Throughout, Mr Ma has maintained that the conglomerate is a technology company and that Ant, the financial services spinoff, should be viewed as a tech company and thus not subjected to the same sort of regulatory scrutiny as the regular financial institutions.

This did not go down well in Beijing: the central bank and the banking, insurance, securities and foreign exchange regulators summoned Mr Ma and Ant executives for a dressing down on Nov 2 last year.

The following day, the Shanghai Stock Exchange suddenly pulled Ant’s highly-anticipated debut, sending shockwaves throughout the financial world. It led to the firm later stopping its Hong Kong dual listing scheduled for Nov 5.

“Alibaba will actively cooperate with the regulators on the investigation. Company business operations remain normal,” the group said in a statement.

The group did not respond to multiple interview requests from ST.

Yet industry watchers say this has been long overdue: there are similar anti-monopoly laws already in place in Europe.

China’s Anti-Monopoly Law was first introduced in 2008 but it only started to be enforced in earnest last year when the Anti-Monopoly Commission investigated Ant Group’s payments arm Alipay and Tencent’s WeChat Pay.

As for Alibaba, the firm is likely to be asked to stop monopolistic practices like asking vendors to choose between them or rival WeChat Pay and penalising merchants who do not sell exclusively on their platform.

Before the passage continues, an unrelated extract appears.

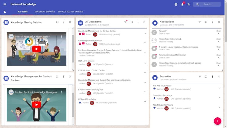 Universal Knowledge by Knowledge Powered Solutions is a knowledge management system which provides solutions for contact centers, help desks, internal knowledge management, and web self-service portals. The software can be integrated with ITSM (IT Service Management), help desk, CRM systems, websites, self-service portals and social media channels.

“The Chinese antitrust regulator is unlikely to impose structural remedies such as breaking up Alibaba – I don’t see a strong legal basis for the regulator to do that,” Associate Professor Zhang told ST.

“Moreover, structural remedies would cause too much pain to the firm and erode investors’ confidence in Chinese tech firms.”

They are also likely to be subjected to a large fine – up to 10 per cent of the past year’s revenue – which will dwarf the 500,000 yuan fine they were slapped with last year for failing to seek regulatory approval and for misleading pricing and promotions.

“Unfortunately, all there is now is speculation, isn’t it? We live in an era where anything can happen so we can only wait and see (what happens to Jack Ma),” said the financial executive.